金で君を買うってなんか語弊がある言い方では? とか、突っ込んでは駄目なんだろう、たぶん。
もう一度何かを怒鳴ろうとしたアルトの声は、ゴンと鈍い音に遮られた。
怒りの形相は鳴りを潜め、アルトは「〜〜〜〜ってぇ」としゃがみ込む。
明らかにやり過ぎな制裁をしたアルトの父――公爵家当主、ガレム・バーシュ閣下は眉をへの字にし、リーフィアに謝罪を述べた。
「悪い子ではないのですが……」
「いいえ、そもそも奇妙な噂を立ててしまったこちらが悪いのですから」
父が応対し、リーフィアも笑みを浮かべる。
周知の事実ではあっても、表向き噂はでまかせということにしなくてはならない。
これは貴族社会じゃなくてもそういうものだと思う。
人間とは、そういう生き物だ。
父と公爵で言葉を交わし、書類を交わし、リーフィアはアルトの正式な嫁となった。
婚約者ではない。
この契約を無かったこととしないように、父は即日で嫁がせるという条件で公爵家の借金の3割を帳消しにした。
「……」
「……」
き、気まずい。
父等が他に話があるどうのこうの言って別の部屋へと移り、20分が立つ。
その間アルトはずっとカーペットを見つめていて、リーフィアはそんなアルトをにこにこと笑みを浮かべながら見守っていた。

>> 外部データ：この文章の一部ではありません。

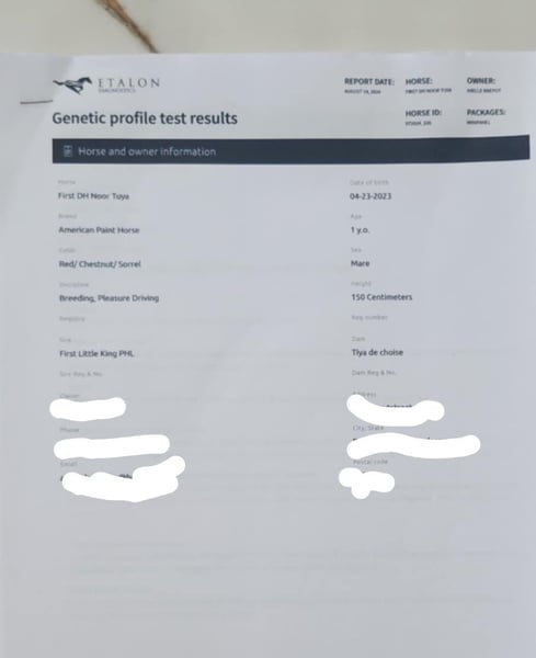 Yegua paneles testeados, todo negativo excepto portadora de LWO. Yegua muy orientada hacia las personas, bonito cuerpo (videos disponibles por WhatsApp). 2 ojos azules, sin defectos. Altura final estimada en 1,52 m. Conoce al herrador, ducha, tráfico, transporte, se sube sola al remolque. Ya ha sido trabajada en la cuerda con cincha de lungueo. Acepta todo con facilidad. Paneles de colores también disponibles. Desparacitada correctamente. También hay equipamiento disponible.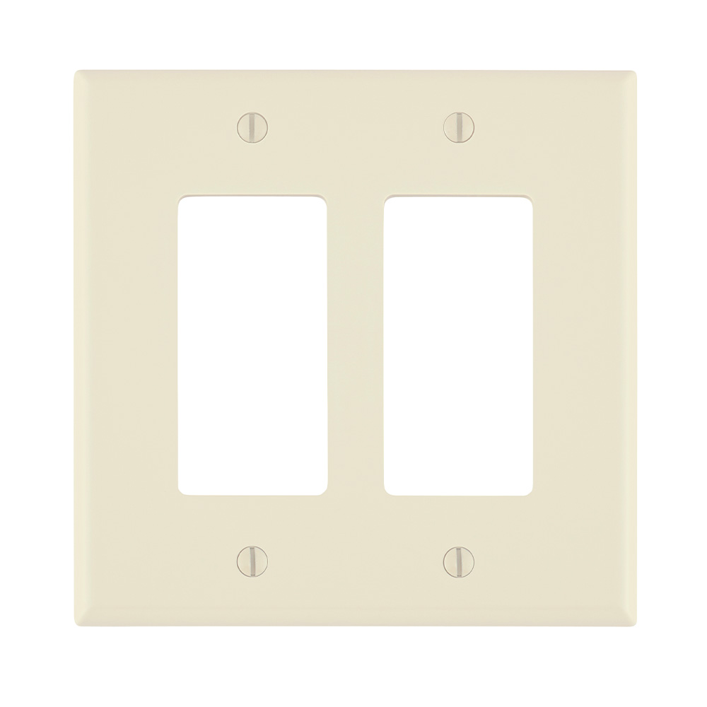 - Leviton®, PJ262-T, Wall Plate, Midway Size Screwless, 2 Gangs, 4.94 in W x 4.88 in H Size, Decorator/GFCI Device Cutout, Surface Mounting, Molded Construction, 1/4 in Thickness, Thermoplastic, Light Almond, Smooth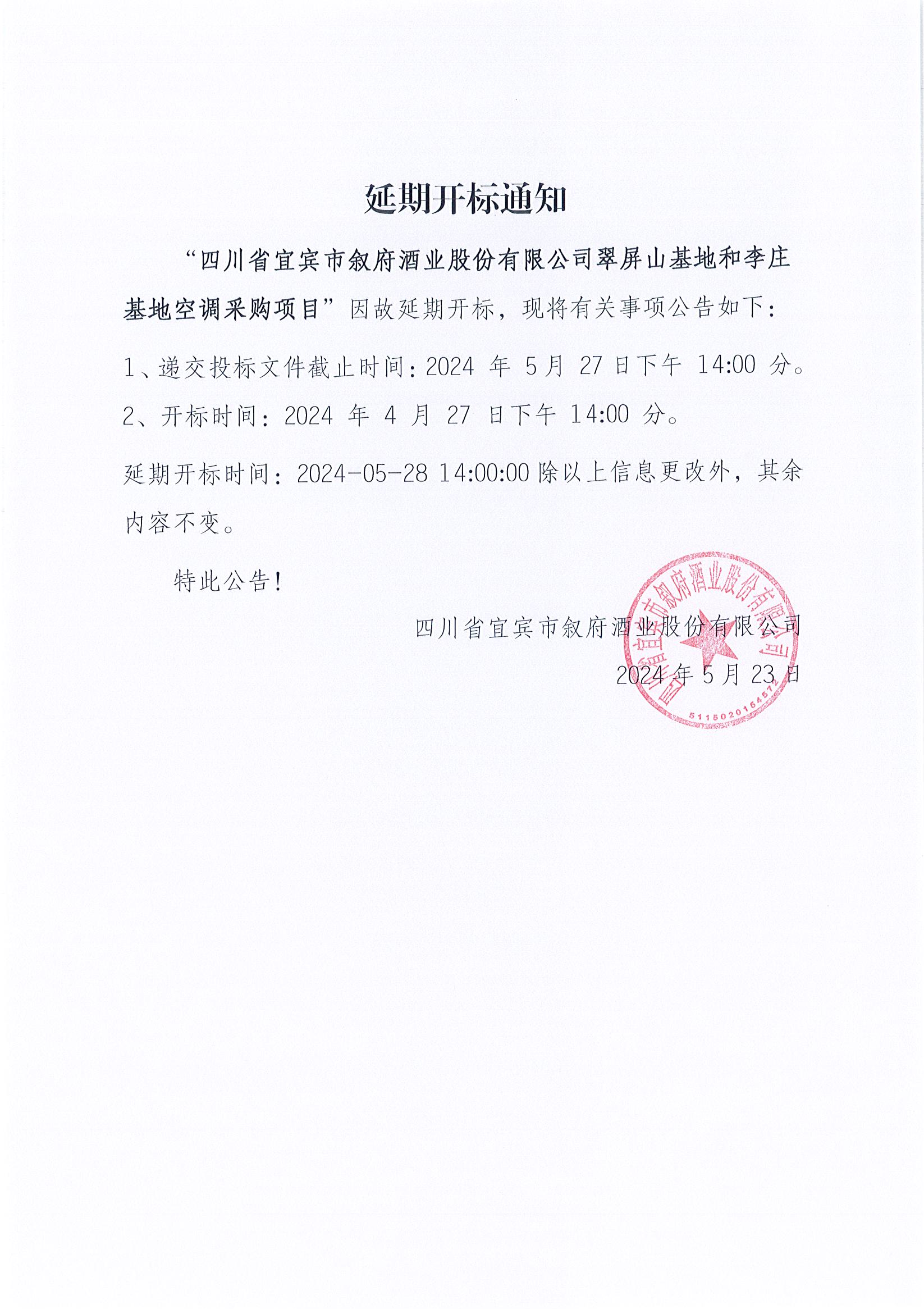 四川省宜賓市敘府酒業(yè)股份有限公司翠屏山基地和李莊基地空調采購項目延期開標通知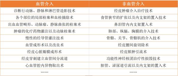 介入治療又可分為血管性介入術和非血管介入術,其主要種類如下表所示: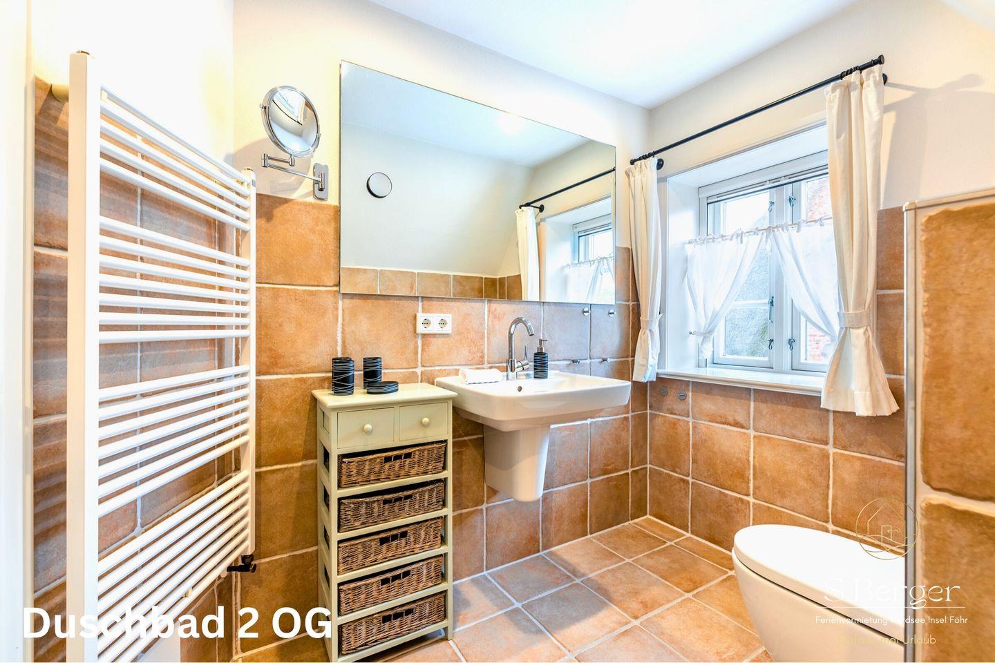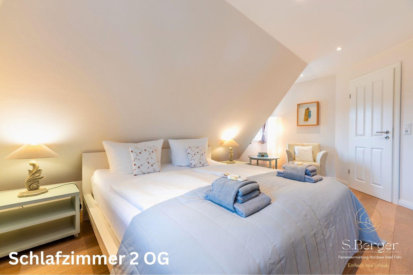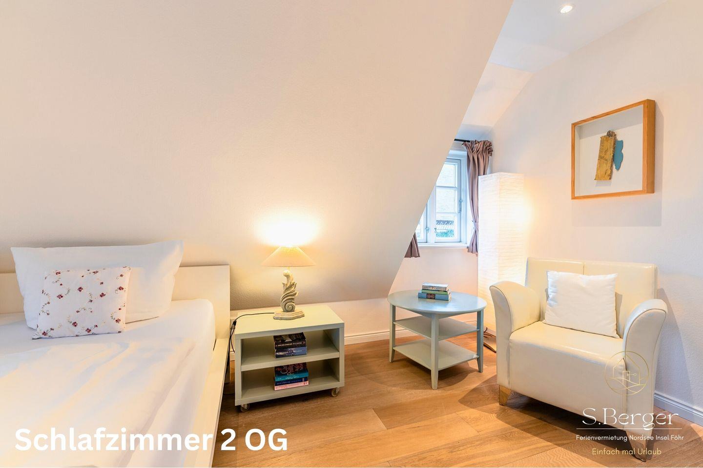 Zwei liebevoll gestaltete Schlafzimmer im Obergeschoss sorgen für erholsamen Schlaf. Das Duschbad verfügt über eine ebenerdige Dusche mit WC.

いつもの方々だったらとっくの昔に致していただろうが、流石にまだ子供だ。
そんな心配は毛ほどもなく、リーフィアの精神は安定していたが、沈黙がこうも続くとなんだか居たたまれなくなってくる。
「あ、あの」
リーフィアが控えめに声を上げると、アルトはギロリと睨むようにこちらを見てくる。
それでも意を決し、リーフィアは先ほどから気になっていたことを聞いてみた。
「先ほどの話なのですが――もしかして、アルト様にはもう好きな方が……?」
「好きな奴?」
「『俺は好きな人と一緒になるんだ』って……」
ああ、と納得したように頷き、アルトは口を開いた。
だが何が思い出したように思案げな顔をし、リーフィアの顔を再び見つめた。
「そうだ。……す、好きな奴が、いる」
若干耳を赤に染め、カタコトになっているのは好きな子を思い出しているからだろうか。
手の平で真っ赤になっている顔を隠し、目を逸らされた。
思わぬ初心な反応に目を丸くする私の視線を遮るようにアルトは怒鳴る。
「だ、だから!! お前を愛すことは一生、1度たりともない!! お前は、不倫をするために選ばれた女だ!!!」
「ふ、ふりん……」
難しい言葉を知っているのね、と頷くと、なんだ、その反応は!! とアルトは再度怒鳴り、机を叩いた。
どうやら違う反応をご所望らしい。
思春期の男の子ってめんどく……難しいんだな、とリーフィアは首をひねる。
アルトは、何だこの女は!! と言って部屋を出ていってしまった。
男の子って難しい。
それを知れたのがこの日の一番の収穫だった。